#### SUPPLIED RECORDS
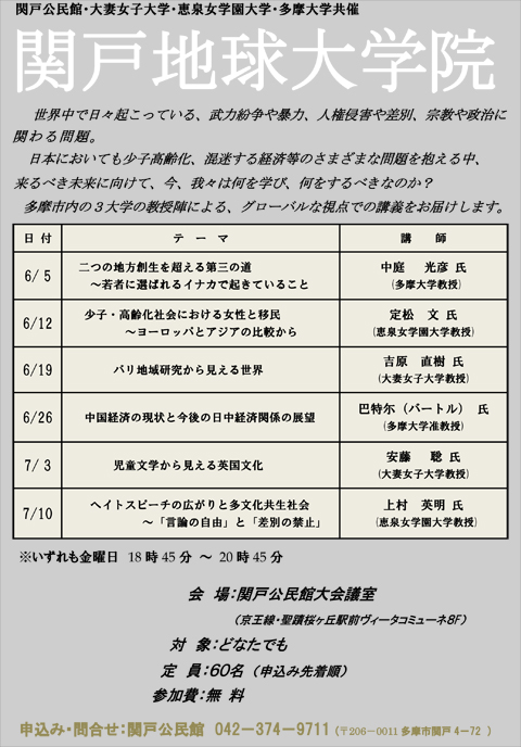 現代社会学科の上村教授と国際社会学科の定松教授が大妻女子大学・恵泉女学園大学・多摩大学共催「関戸地球大学院」で講義を行います。
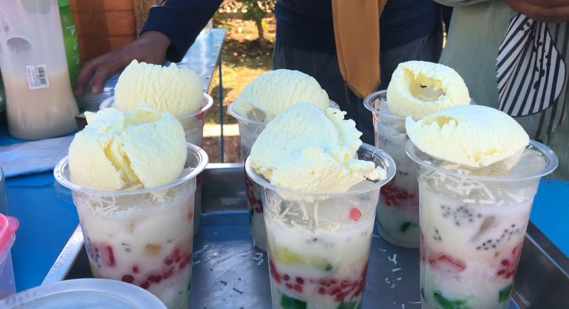Es teler toping es cream di kawasan Stadion Gajah Mada, Mojosari, Mojokerto, laris manis, Minggu, 18 Agustus 2024. Foto: Hasan
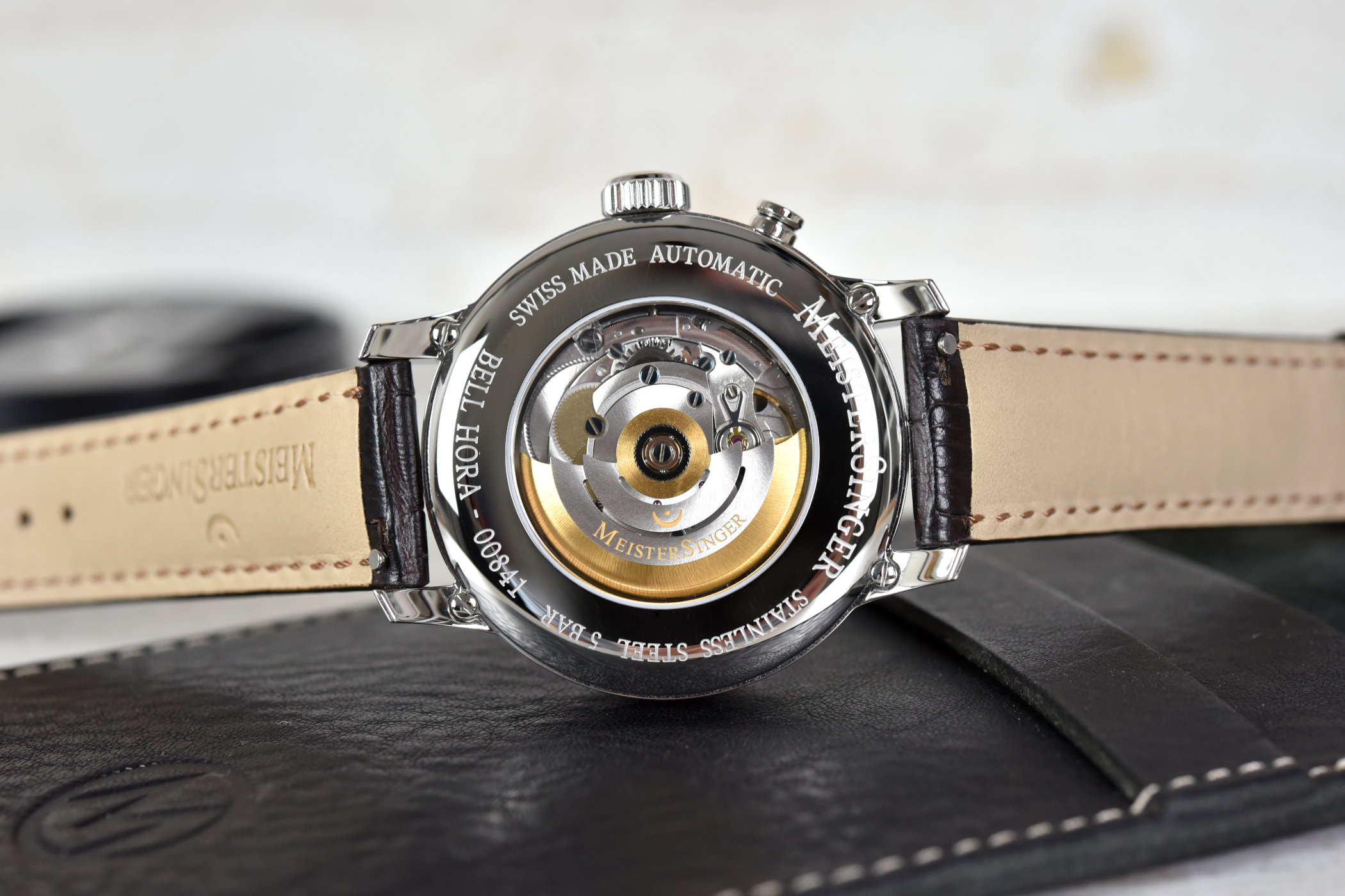Another chiming hour watch on the more affordable end of the spectrum, and one closely tied to the Bel Canto, is the MeisterSinger Bell Hora. The module to make the Bell Hora chime is developed with CW’s Frank Stelzer, a name you’ve just familiarized yourself with. But where the Bel Canto puts its mechanism on full display, the Bell Hora hides it between the dial and movement, resulting in a far more classical watch. The button at two can put the watch in silent mode, but you’d want to hear that chime! Several versions are available, all with a single hand for the time and worn on a leather strap, with prices starting at EUR 4,250.
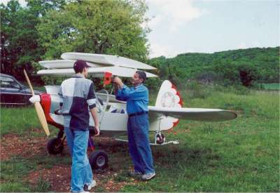 « When I fly the big airplanes my knees tremble »,’ said Yves Segonds. It has nothing to do with fear of flying for the 57-year-old man who has been in a real airplane only four times in his life. No, he is referring to radio-controlled model airplanes that are piloted from the ground, which he has a passion for building. His have won prizes from model airplane associations, are imitated by other constructors and have appeared on France’s Ushuaia adventure television program. »I like to make airplanes that are different from what everyone else does, » said Segonds, at his home in the village of Milhars in southwest France. He builds them not from diagrams, but from photographs of the originals. A high point came in 1992, when he built the largest fourengine model airplane in Europe, his Lockheed Orion P-3C, a U.S. landbased maritime patrol and anti-submarine warfare aircraft first flown in 1968. The model weighs 21 kilos (46 pounds), has a wing span of 3.25 meters (about 10 feet), and was timed by the Fédération Française d’Aéro-Modélisme flying at 150 kph (94 mph). Segonds is proudest, however, of his Grumman E-2C Hawkeye early warning and control aircraft. It is the kind of radar airplane the U.S. Navy used during the Gulf War, with its distinctive round dish above the fuselage. »I’ve never seen an airplane fly the way that one does, » he said of his model, which made the cover of RCM (Radio Commande Magazine). »It does rolling, looping, flying on its back for 200 meters, one meter from the ground. But it will not accept engine failure. The moment an engine cuts, it rolls onto its back and dives to the ground. » The plane crashed three times and he rebuilt it each time. He is obsessive about details. The Hawkeye’s dish radar rotates during the flight, like the original. His landing carriages descend slowly, never just springing out. He builds everything himself, radio control equipment included, and it costs him very little, since he uses anything on hand, like old bicycle spokes for the landing gears. All he buys are the engines and propellers. Segonds made his first airplane in 1950 from wood of the Aveyron region, where he was born.
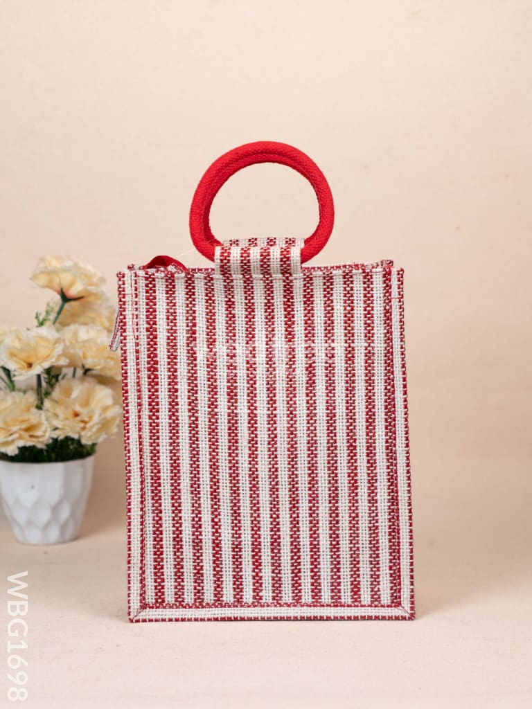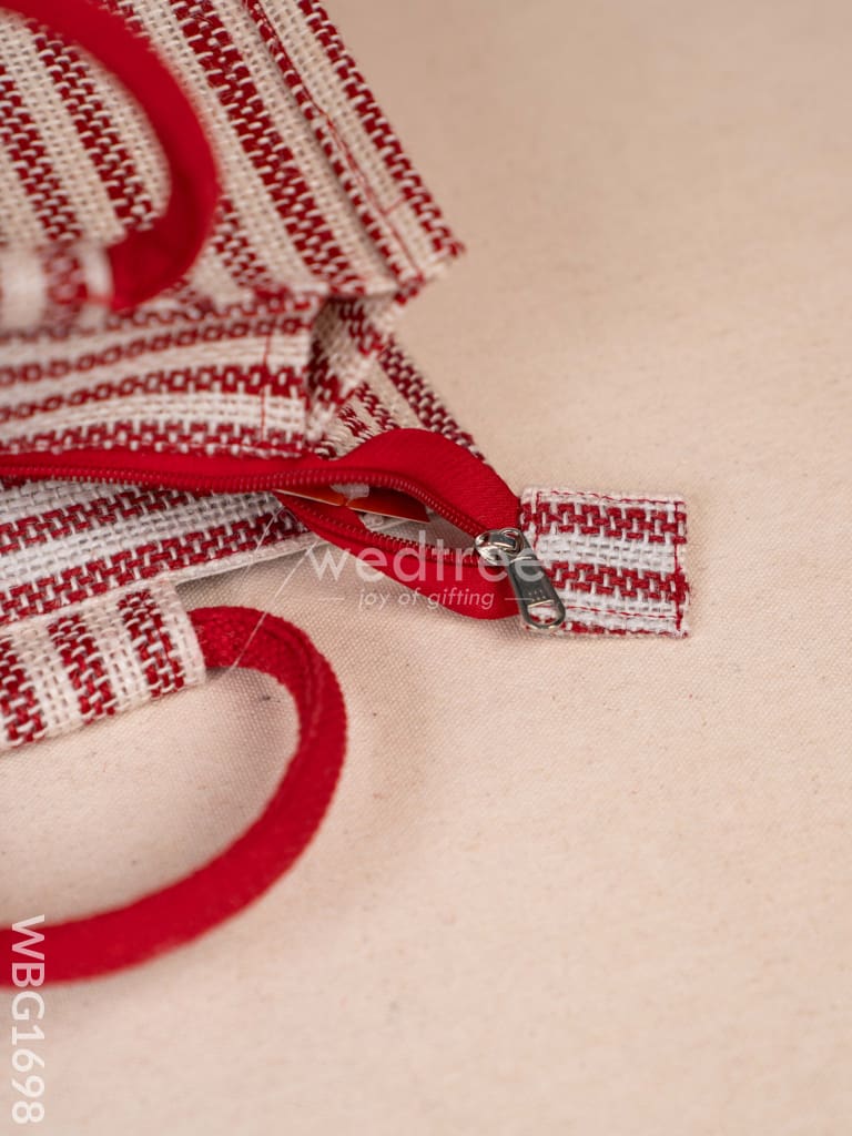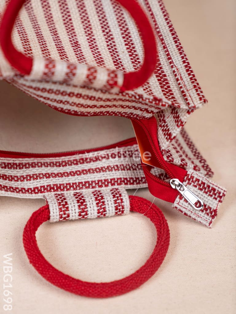 - Made from Eco-friendly Natural Jute, the Bag is Framed with Red and Cream Color contrast Handles and Borders, making it Sturdy, Stylish, and Reusable.
########
### TASK TO CARRY OUT
Keep every word of the records above exactly, and return them with no pictures.

### RESPONSE FOR THIS EXERCISE
 現代社会学科の上村教授と国際社会学科の定松教授が大妻女子大学・恵泉女学園大学・多摩大学共催「関戸地球大学院」で講義を行います。
Es teler toping es cream di kawasan Stadion Gajah Mada, Mojosari, Mojokerto, laris manis, Minggu, 18 Agustus 2024. Foto: Hasan
Another chiming hour watch on the more affordable end of the spectrum, and one closely tied to the Bel Canto, is the MeisterSinger Bell Hora. The module to make the Bell Hora chime is developed with CW’s Frank Stelzer, a name you’ve just familiarized yourself with. But where the Bel Canto puts its mechanism on full display, the Bell Hora hides it between the dial and movement, resulting in a far more classical watch. The button at two can put the watch in silent mode, but you’d want to hear that chime! Several versions are available, all with a single hand for the time and worn on a leather strap, with prices starting at EUR 4,250.
 « When I fly the big airplanes my knees tremble »,’ said Yves Segonds. It has nothing to do with fear of flying for the 57-year-old man who has been in a real airplane only four times in his life. No, he is referring to radio-controlled model airplanes that are piloted from the ground, which he has a passion for building. His have won prizes from model airplane associations, are imitated by other constructors and have appeared on France’s Ushuaia adventure television program. »I like to make airplanes that are different from what everyone else does, » said Segonds, at his home in the village of Milhars in southwest France. He builds them not from diagrams, but from photographs of the originals. A high point came in 1992, when he built the largest fourengine model airplane in Europe, his Lockheed Orion P-3C, a U.S. landbased maritime patrol and anti-submarine warfare aircraft first flown in 1968. The model weighs 21 kilos (46 pounds), has a wing span of 3.25 meters (about 10 feet), and was timed by the Fédération Française d’Aéro-Modélisme flying at 150 kph (94 mph). Segonds is proudest, however, of his Grumman E-2C Hawkeye early warning and control aircraft. It is the kind of radar airplane the U.S. Navy used during the Gulf War, with its distinctive round dish above the fuselage. »I’ve never seen an airplane fly the way that one does, » he said of his model, which made the cover of RCM (Radio Commande Magazine). »It does rolling, looping, flying on its back for 200 meters, one meter from the ground. But it will not accept engine failure. The moment an engine cuts, it rolls onto its back and dives to the ground. » The plane crashed three times and he rebuilt it each time. He is obsessive about details. The Hawkeye’s dish radar rotates during the flight, like the original. His landing carriages descend slowly, never just springing out. He builds everything himself, radio control equipment included, and it costs him very little, since he uses anything on hand, like old bicycle spokes for the landing gears. All he buys are the engines and propellers. Segonds made his first airplane in 1950 from wood of the Aveyron region, where he was born.
 - Made from Eco-friendly Natural Jute, the Bag is Framed with Red and Cream Color contrast Handles and Borders, making it Sturdy, Stylish, and Reusable.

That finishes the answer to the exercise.